Bochum. Die Verpflichtung von Niklas Jahn hatte der VfL Bochum schnell vorangetrieben. Das Talent wollten die Verantwortlichen unbedingt holen.
Er wartete ab, um genau im richtigen Moment den Weg in den Strafraum zu machen, wurde freigespielt von Felix Passlack. Niklas Jahn hob den Kopf, spielte nach innen und legte den Treffer zum 5:1 für den VfL Bochum im Testspiel bei der SSVg Velbert auf. Jahn dreht ab, hüpfte einmal kurz und ballte die Hand zur Faust. Die 76. Minute der Partie wird dem 19-Jährigen vermutlich nicht für ewig im Gedächtnis bleiben, dennoch war sie der Moment seiner ersten Torvorlage im blau-weißen Trikot. Erst vor wenigen Wochen schloss er sich dem VfL an, kam ablösefrei vom Zweitligisten 1. FC Nürnberg, für den er allerdings nur in der zweiten Mannschaft in der Regionalliga Bayern zum Einsatz kam.

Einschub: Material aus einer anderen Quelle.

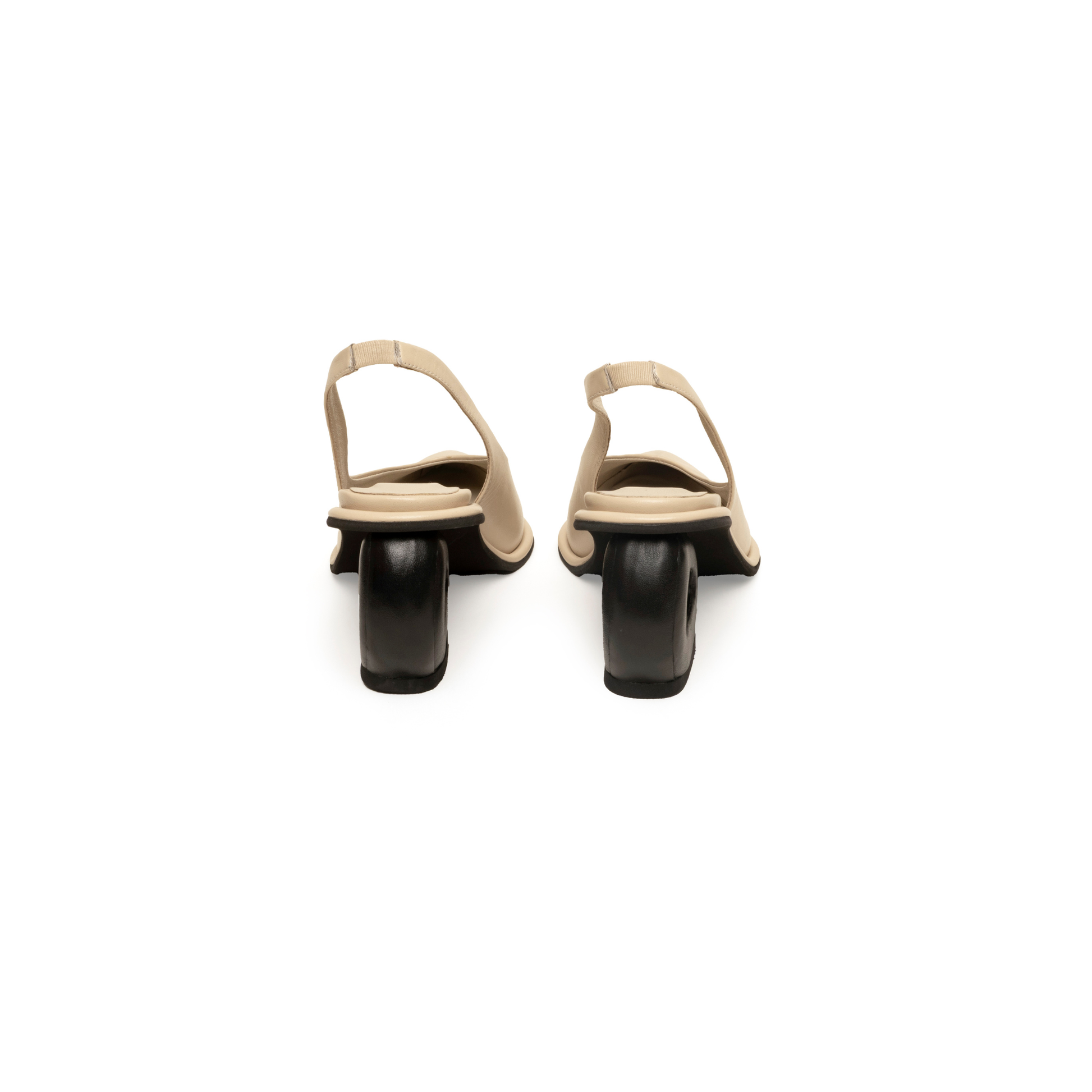 Tacón con elástico en cuero italiano, definidos por nuestro tacón icónico en forma de circunferencia. Tacón de 6.5 cm.

Dennoch war Jahn ein Transfer, den Bochums Sportdirektor Marc Lettau frühzeitig vorangetrieben hat. „Der VfL kam früh auf mich zu und ich habe mich sofort wertgeschätzt gefühlt“, sagt Jahn dieser Redaktion und berichtet von vielen Gesprächen mit den Verantwortlichen. „Ich war zwei, drei Mal hier im Stadion und habe die Stimmung erlebt. Für mich war schnell klar, dass ich Bock auf diesen Verein habe. Die Fans sind emotional, es ist ein geiler Verein.“ Und der Verein hatte Bock auf Jahn. Aber warum, schließlich spielte er doch bislang nur Jugend und der vierten Liga?

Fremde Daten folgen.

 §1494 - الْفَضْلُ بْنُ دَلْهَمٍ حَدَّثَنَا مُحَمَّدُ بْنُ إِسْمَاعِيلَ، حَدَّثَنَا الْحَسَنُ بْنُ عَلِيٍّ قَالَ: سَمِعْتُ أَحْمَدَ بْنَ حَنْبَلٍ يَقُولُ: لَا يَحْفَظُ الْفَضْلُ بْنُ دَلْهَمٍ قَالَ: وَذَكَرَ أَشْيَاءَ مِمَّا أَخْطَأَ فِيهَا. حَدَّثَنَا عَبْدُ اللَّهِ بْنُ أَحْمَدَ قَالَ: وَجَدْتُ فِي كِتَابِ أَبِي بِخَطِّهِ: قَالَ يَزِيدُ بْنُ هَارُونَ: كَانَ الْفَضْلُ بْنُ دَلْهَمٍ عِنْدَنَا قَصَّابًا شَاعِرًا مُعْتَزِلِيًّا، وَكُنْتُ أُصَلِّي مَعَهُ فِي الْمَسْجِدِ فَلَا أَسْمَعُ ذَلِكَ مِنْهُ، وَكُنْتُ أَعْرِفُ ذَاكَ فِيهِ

VfL Bochum: Jahn überzeugt in ersten Testspielen
Jahn ist aufgrund seines Werdegangs in der U17- und U19-Bndesliga kein unbeschriebenes Blatt. Im initiierenden datenbasierten Scoutingprozess fiel Jahn nach Informationen dieser Redaktion dann immer wieder auf, wurde später auch daraufhin mehrfach persönlich gescoutet. Selbst Sportdirektor Lettau machte sich einige Male selbst ein Bild von ihm, weil der Mittelfeldspieler in sehr vielen Parametern, die für den VfL Bochum bei der Spielersuche auf der Jahn-Position relevant sind, gute Daten lieferte. Als sich in diesem Sommer nun die Möglichkeit ergab, das Talent ablösefrei aus Nürnberg zu holen, schlug der VfL zu. „Mit Niklas Jahn verpflichten wir einen weiteren Perspektivspieler, der viele Kriterien des VfL-Anforderungsprofils auf seiner Position erfüllt“, sagte Lettau bei der Verpflichtung.
Jahn ist ein defensiver Mittelfeldallrounder, der durch seine aggressive Spielweise aber auch seiner guten Entscheidungsfindung und Übersicht auffällt. Vor allem gegen den Ball - eine Komponente, die der VfL-DNA entspricht - hat er große Stärken. Dass er auch unter Druck bestehen kann, zeigte er in den beiden Testspielen in Ahlen (3:1) und in Velbert (5:1). Wenngleich in diesen Partien auch deutlich wurde, dass er auf Profi-Niveau vor allem physisch noch Nachholbedarf hat. Mit seinen 1,72 Meter Körpergröße hat er es schwer gegen robuste Gegenspieler, machte dieses Defizit in der Vergangenheit aber mit einem guten Timing wett, er ist beweglich.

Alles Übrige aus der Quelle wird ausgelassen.